Venn Diagrams and The Underlying Data

In addition to offering a variety of methods for visualizing your data, the use of Venn and Euler diagrams provides a potent and visually engaging means of analysis. These diagrams excel in highlighting and contrasting the differences in analytes - which are various substances analyzed in the lab - across different sample groups. This approach is particularly useful in identifying unique or shared components among the groups, thereby offering a clear and concise graphical representation of complex data sets. The visual simplicity of Venn and Euler diagrams belies their analytical power, making them indispensable tools for researchers seeking to understand the intricate relationships and variances within their data. Take for example the following Venn.

hela_proteins %>% 
  subset(imputed == 0) %>%
  plot_venn()
#> 
#>  Subsetting data: imputed == 0
#>  Subsetting data: imputed == 0 ... done
#> 

While visualizing the differences between sample groups is interesting, often we are interested in the underlying data for a given segment. In tidyproteomics we can use the intersection() function to get a subset of data specific to a region defined by Venn and Euler diagram overlaps.
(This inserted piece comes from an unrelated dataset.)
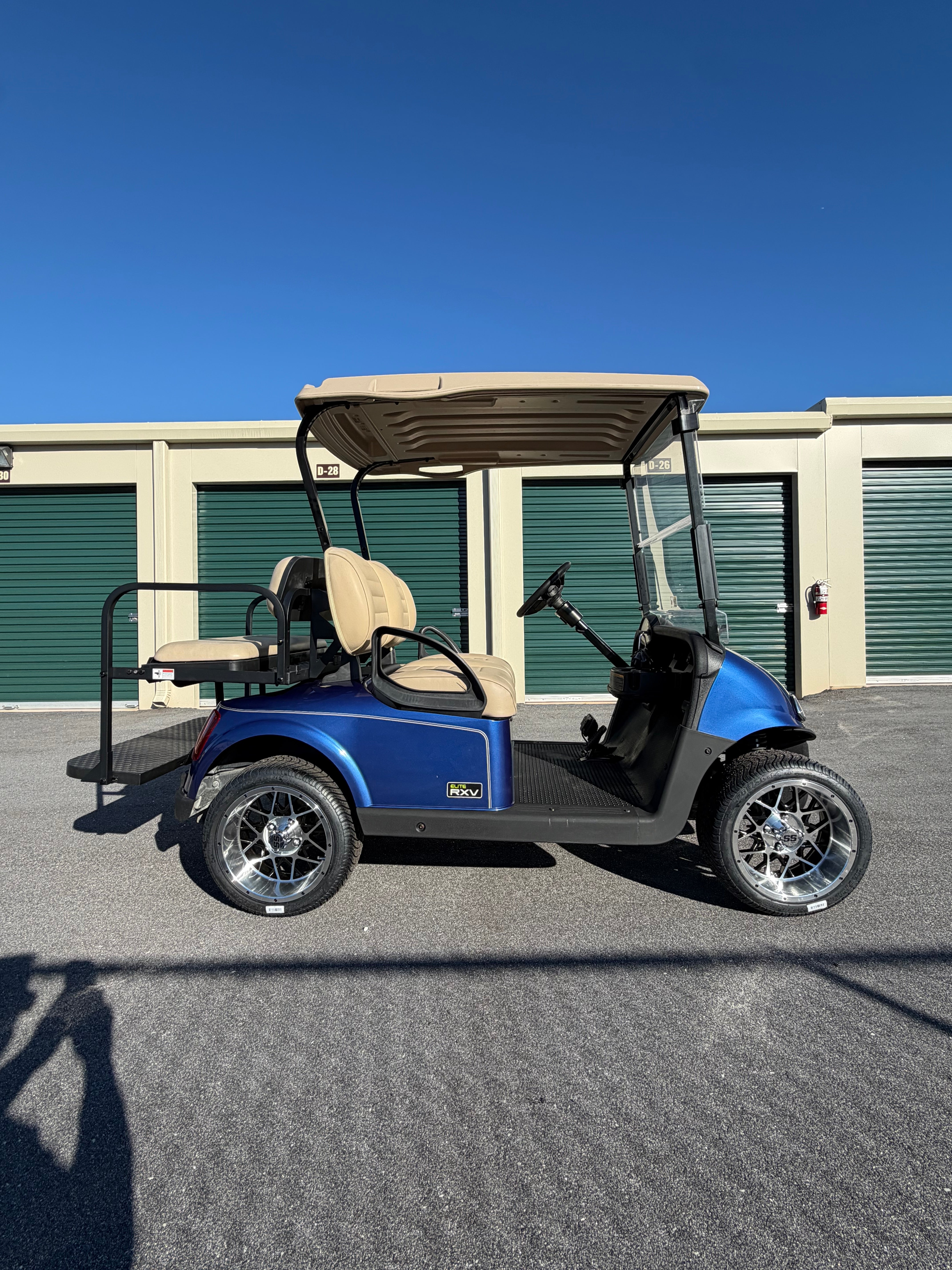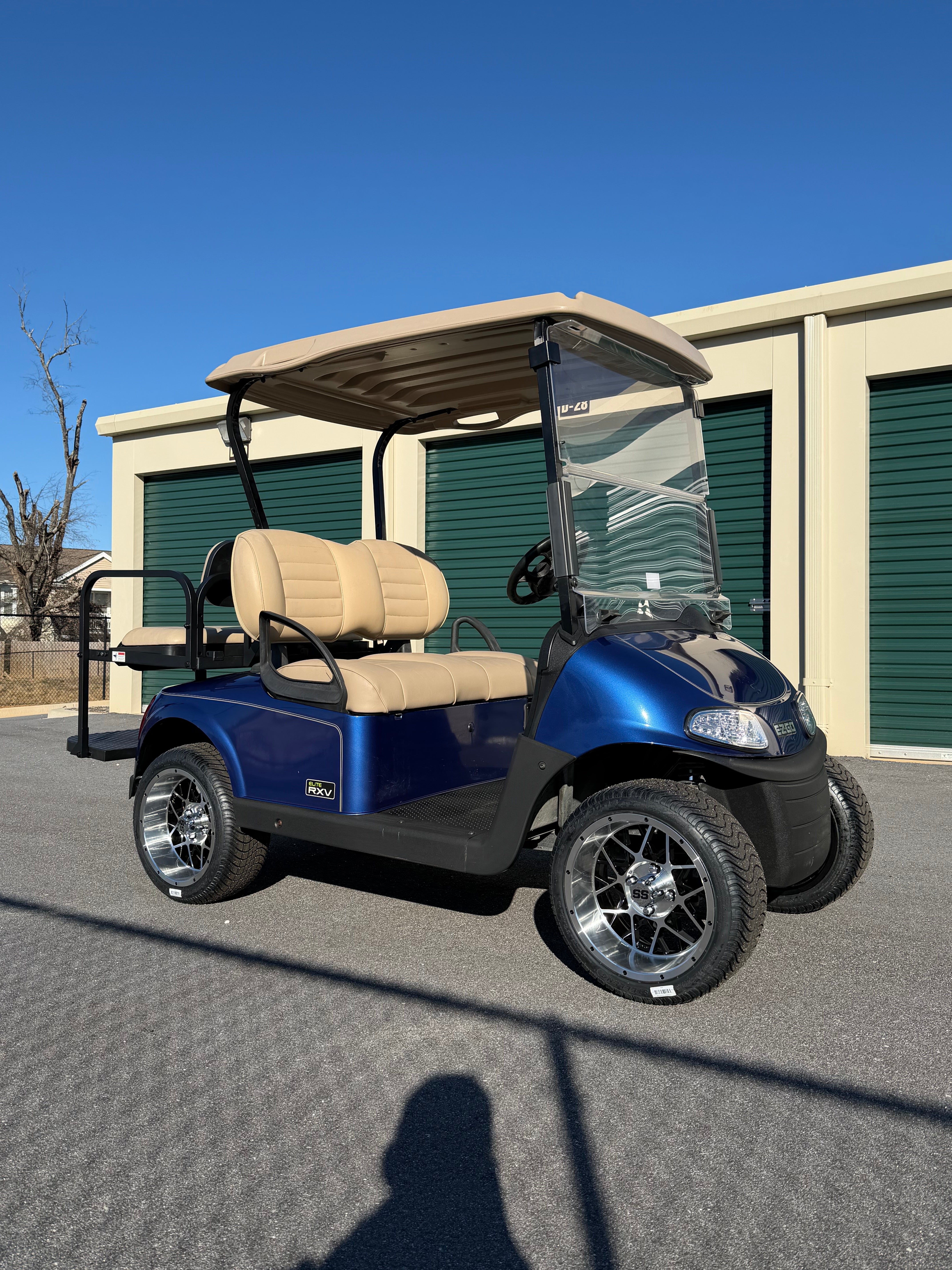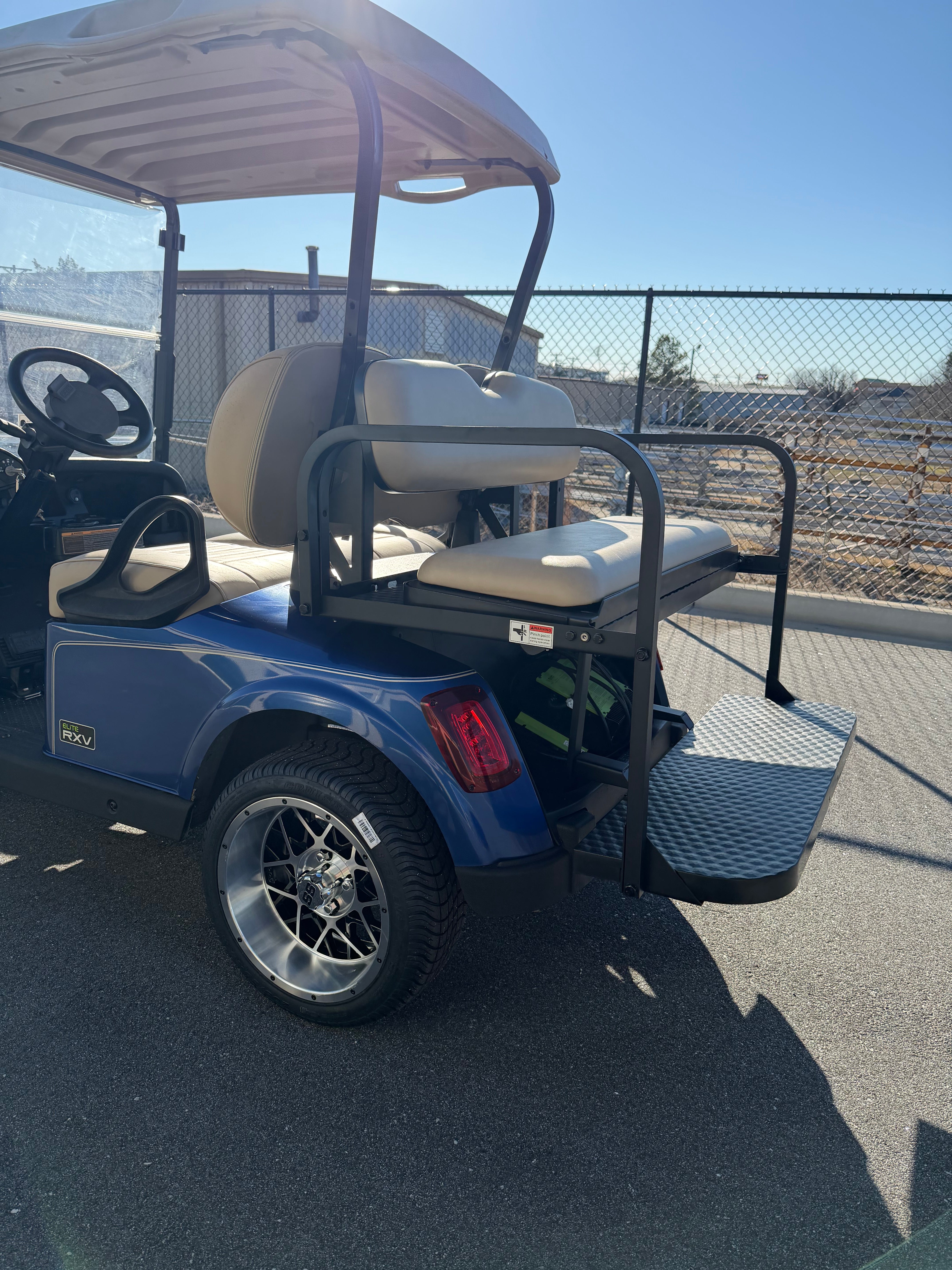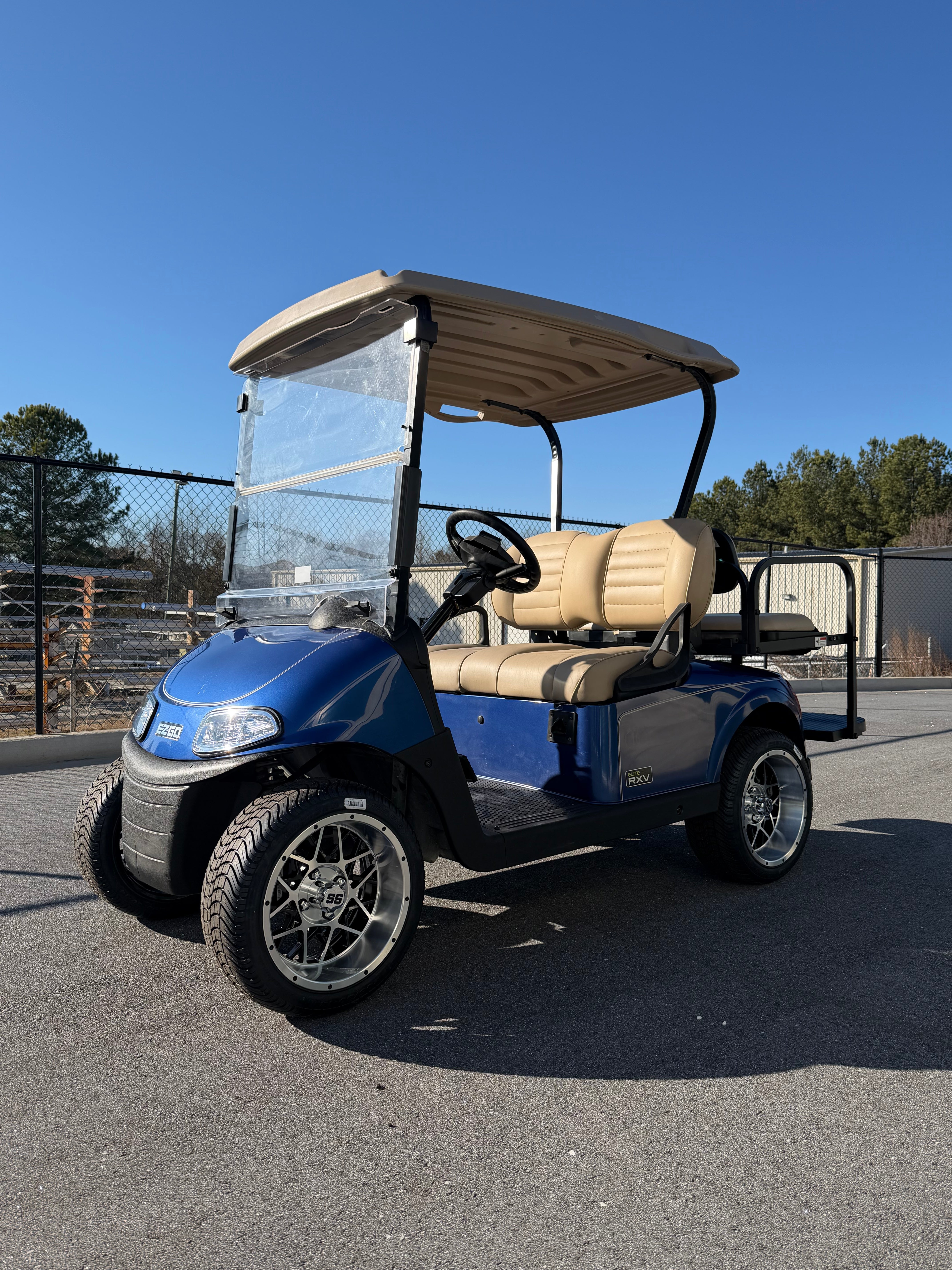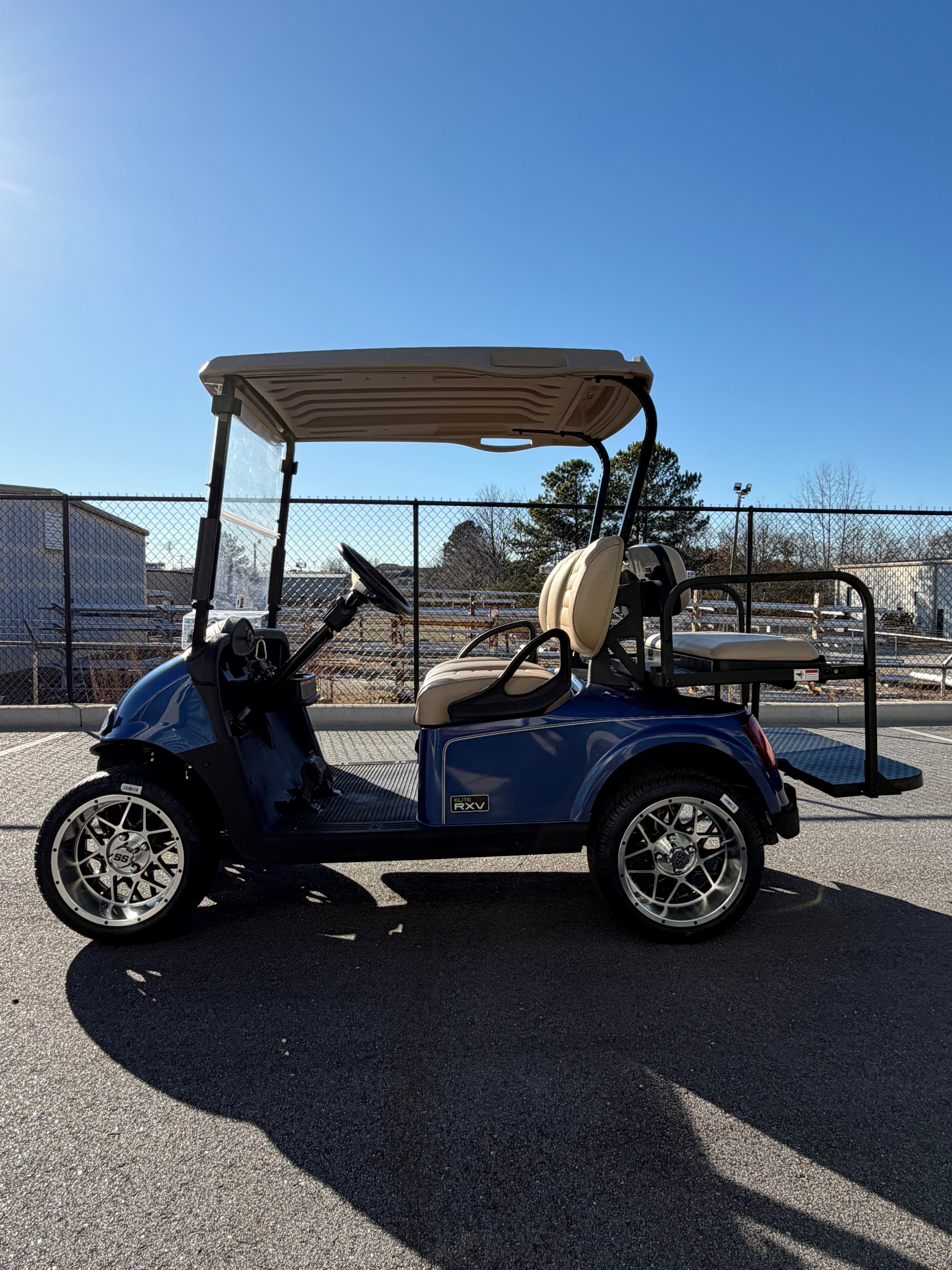 Electric Blue. This cart blends premium RXV Elite comfort with modern lithium efficiency and

Here in this simple example we can extract a table of proteins exclusive to the 60 in “control”. Note how the data now shows only 1 sample remaining and 3 files, as we just removed all the “knockdown” proteins and the files specific to them.

hela_proteins %>% 
  subset(imputed == 0) %>%
  intersection(.include = c('control'), .exclude = c('knockdown'))
#> 
#>  Subsetting data: imputed == 0
#>  Subsetting data: imputed == 0 ... done
#> 
#>  Intersection subset containing 60 proteins
#> 
#> ── Quantitative Proteomics Data Object ──
#> 
#> Origin          ProteomeDiscoverer 
#>                 proteins (78.40 kB) 
#> Composition     3 files 
#>                 1 samples (control) 
#> Quantitation    60 proteins 
#>                 2.9 log10 dynamic range 
#>                 9.47% missing values 
#>  *imputed        
#> Accounting      (4) num_peptides num_psms num_unique_peptides imputed 
#> Annotations     (9) description biological_process cellular_component molecular_function
#>                 gene_name wiki_pathway gene_id_ensemble gene_id_entrez
#>                 reactome_pathway 
#> 

In a more complex example, individual segments can be extracted. In this hypothetical example we created 4 sample groups to generate a complex overlapping diagram.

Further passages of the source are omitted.